Bob Aggarwal is a rare species in this year’s U.S. presidential election: an undecided voter.
A commercial banker in Scottsdale, Ariz., Mr. Aggarwal supported Barack Obama before voting for Donald Trump in 2016.
Since then, he has seen how the economy flourished before the pandemic. Companies flocked to Maricopa County – the sprawling suburbs encompassing Phoenix and Scottsdale – and Mr. Aggarwal has done well financing their business expansions and real estate deals. The region’s economy even appears to have weathered the COVID-19 shutdowns, he says.
But as a first-generation American whose parents emigrated from India, Mr. Aggarwal also supports equality and the Black Lives Matter movement. He is uneasy with Mr. Trump’s rhetoric attacking immigrants and casting racial-justice protesters as violent radicals.
His 13-year-old daughter, inspired that California Senator Kamala Harris could become the first female vice-president of Indian heritage, wants him to vote for Joe Biden.
So, with just weeks to go before the election, Mr. Aggarwal is struggling to pick a presidential candidate.
“I tell my wife we’ve probably got to vote in the direction that’s going to favour us from [an economic] standpoint, regardless of what the other platforms say,” Mr. Aggarwal said as he watched his son play soccer in a Scottsdale park. “But I don’t know if I’m comfortable with that really, when I say it. So I’m torn.”
When the ballots are counted after the Nov. 3 election, it is moderate suburban voters like Mr. Aggarwal who could be the deciding factor.
Mr. Trump is staking his re-election on once again mobilizing the Republican base of white working-class and rural voters who sent him to the White House in 2016. Democrats are hoping Mr. Biden can inspire a winning coalition of racially diverse and urban voters who failed to turn out for Hillary Clinton.
Those battle lines meet in suburbs like Maricopa County and others in the traditionally conservative Sun Belt – the temperate southern region stretching from Florida to California – where an influx of new residents is quickly reshaping the political landscape.
Mr. Trump narrowly won the suburbs in 2016. But many of those same voters delivered him a swift rebuke in the midterms two years later, helping Democrats regain a majority in the House of Representatives. That year, voters in Maricopa County were largely responsible for Arizona sending its first Democratic senator to Washington in three decades. Recent polls suggest a close presidential race in Arizona, though one that has widened in favour of Mr. Biden. Should the former vice-president win, it will be only the second time Arizona has voted for a Democratic presidential candidate in 70 years.

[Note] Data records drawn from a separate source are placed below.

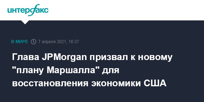 Глава JPMorgan призвал к новому "плану Маршалла" для восстановления экономики США
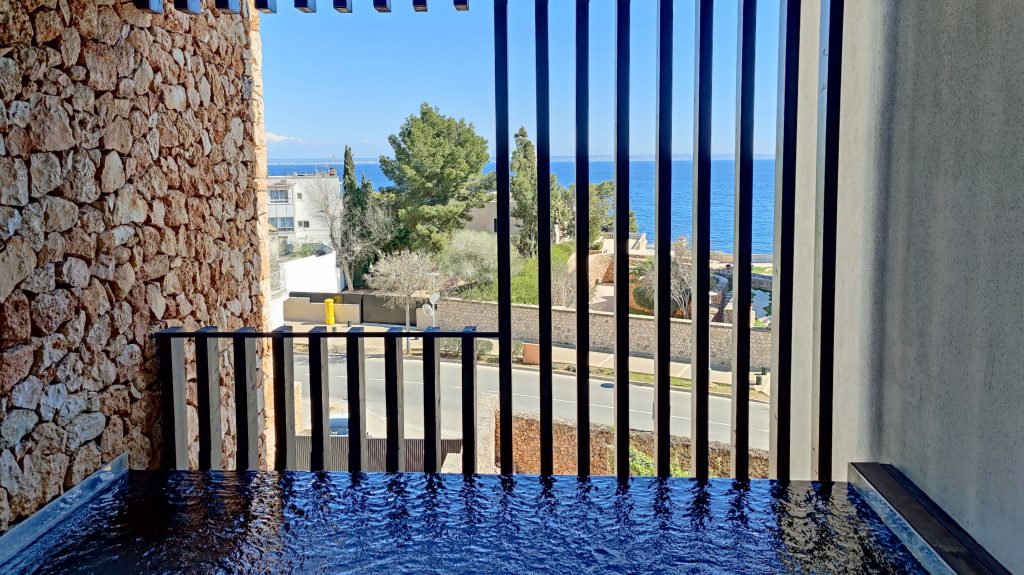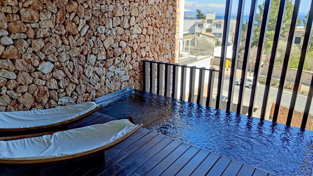 Der Außenbereich der Natura Deluxe Zimmer im Hospes Maricel Mallorca hat meines Erachtens durchaus Charme. Man darf sich über einen kleinen Plunge Pool sowie zwei mittelmäßig bequeme Liegen freuen.
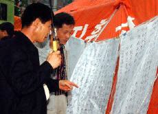 韓國人在事發地附近閱讀失事飛機的乘客名單。法新社圖
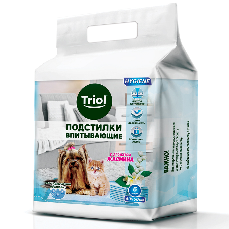 Подстилки впитывающие с ароматом жасмина, 400*500мм (уп.6шт.), Triol
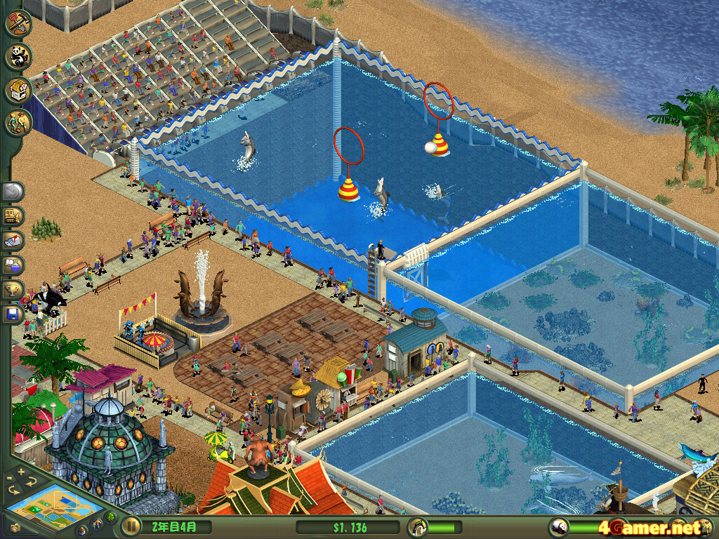それ以外にも,ズー タイクーンよりもスタッフの育成,病気の治療,アトラクションの開発,ショウアイテムの開発,遺伝子研究などの研究保護活動への出資が重要なので,資金繰りに頭を悩ますことになる。まずは人気の高い動物(ライオンなど)を展示し,ある程度の収入を得られるようになってから,マリン
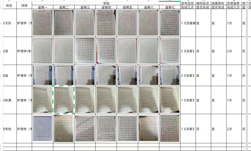 在字帖临摹、读书交流、母校回访等任务中,同学们表现出色。字帖临摹方面,多数同学完成每日任务,邓文彤同学一周坚持临摹,字迹工整、进步明显,马埜同学成果获老师肯定;读书交流活动里,不少同学完成社区推荐书籍阅读,田晶同学读完《活着》撰写深刻感悟,分享对生命意义的思考,田传佳同学阅读《亚健康中医疗法》并与小组交流心得,带动健康话题讨论;母校回访任务中,同学们积极联系母校老师组织活动,大部分同学顺利完成,分享学习经验,为学弟学妹提供宝贵意见。调查研究与志愿服务活动有序开展,部分同学在社区开展居民健康需求调查,为后续志愿服务提供方向;另有同学多次参与社区志愿服务,如帮助老年人进行健康检查等,展现良好社会责任感。
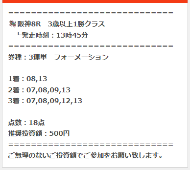 指示は馬連5点だったんだけどついでに1頭軸で三連複も買った結果

Academics who study the shifting politics of suburban America point to the changing nature of the suburbs themselves. As workers – including large numbers of college-educated professionals – migrate to suburbs around the big cities of the South and West, those communities are increasingly resembling the cities they border, says Robert Lang, a professor of public policy at the University of Nevada, Las Vegas.
The construction of light-rail systems and other transportation links that shuttle suburbanites into neighbouring cities has encouraged the development of high-density, mixed-use neighbourhoods around train stations, urbanizing what were once uniformly middle-class neighbourhoods of single-family homes. Those neighbourhoods, in turn, have attracted a greater diversity of residents: lower-income renters mixing with young families and residents of retirement communities.
“There’s a myth that the suburbs are financially stable, white communities and that’s not true,” said Samara Klar, a political scientist at the University of Arizona who studies how voters form their political attitudes. “The suburbs are really diverse – and that may be especially true in Arizona.”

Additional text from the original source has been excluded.